3.2 Design philosophy and goals

Englex represents a convergence of two disciplines: natural language processing (NLP) and linguistics. Since the presuppositions, interests, and goals of linguists and NLP researchers do not necessarily coincide, Englex is by necessity a bundle of compromises.

Englex is natural language processing (NLP) tool based on generally-accepted linguistic principles and analyses of English morphology. The basic strategy in building an NLP system like Englex is two-pronged: first, ensure that all well-formed input is analyzed correctly, and second, incrementally refine the system so that it rejects ill-formed input. Both the linguist and NLP researcher would insist that the first goal be met (though even here the NLP researcher might be more forgiving). But with regard to the second goal, only the linguist would require that it be fully met in order for the description to be adequate. For the NLP researcher, as long as well-formed input is assured, it does not necessarily matter if the system "overrecognizes" (but see below).

For example, Englex will correctly recognize the comparative and superlative forms of adjectives such as big, bigger, and biggest. But it will also recognize the dubious form aliver as the comparative form of alive. In other words, Englex underspecifies the morphotactic constraints related to adjective inflection; it assumes that all adjectives can have a comparative form, which of course is not true. In practice, we assume that forms such as aliver do not occur in well-formed text; thus overrecognition does little harm.

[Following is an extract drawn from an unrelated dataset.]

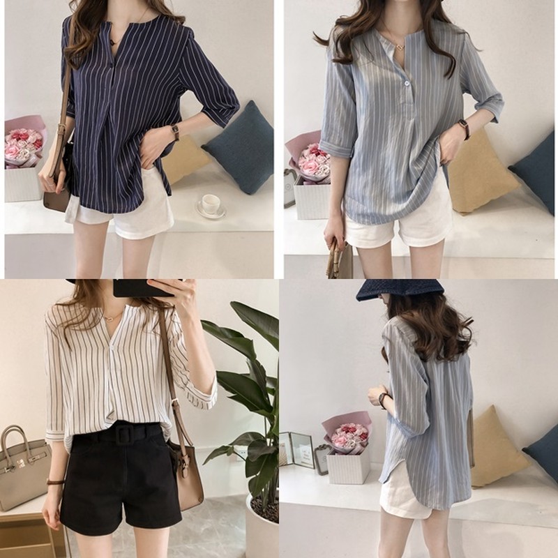 | 肌触りのいいコットンのブラウス♡ ストライプで細見え効果抜群♬ 一枚で着回しのきくアイテムです♡ *サイズ(cm)* M:着丈71.0肩幅38.5バスト96.0袖丈32.0 L:着丈72.0肩幅40.0バスト102.0袖丈32.5 XL:着丈73.0肩幅41.5バスト108.0袖丈33.0 2XL:着丈74.0肩幅43.0バスト114.0袖丈33.5 3XL:着丈75.0肩幅45.5バスト120.0袖丈34.0 4XL:着丈76.0肩幅47.0バスト122.0袖丈34.5 *カラー* ブラック グレー ホワイト 【商品について】

However, overrecognition is by no means innocuous; it can result in spurious parses that seriously degrade the performance of an NLP system. For instance, consider what would happen if we relax the constraint that the comparative -er suffix only attaches to adjectives and permit it after any word. A word such as bigger would still be correctly parsed as a comparative adjective; but a word such as writer would get two parses: one where -er is correctly recognized as an agentive suffix that attaches to a verb, and another where -er is incorrectly posited as the comparative suffix. By simply encoding the constraint that the comparative suffix can only attach to adjectives, we capture the obvious and important linguistic fact that only adjective have comparative forms and at the same time reduce the number of spurious parses the system produces.

The degree to which we refine a system like Englex depends on our purpose in using the system: to characterize precisely English morphological structure (the linguist's goal) or to process natural language texts to some acceptable degree of accuracy (the NLP researcher's goal). Englex steers a middle course between these purposes, but ultimately it is up to the user to determine the behavior of the system.

In terms of its coverage of English, Englex has these goals:

To account for all major spelling rules of English.
To account for all productive morphological structure (affixes, morphotactic constraints, word class conversion, and so on). While a 20,000-entry lexicon sounds small, Englex can actually recognize many times that number of words because it analyzes productive derivational morphology. For example, the lexicon contains entries for re-, compute, -er, -ize, and -ation and can thus recognize any complex word formed from those parts.
To establish a critical mass of lexical entries that would handle a large percentage of non-technical, non-specialized English text.
To provide an interface to syntactic parsing. For each input word, Englex should return its part-of-speech and all syntactically relevant inflectional catetories (such as number and tense).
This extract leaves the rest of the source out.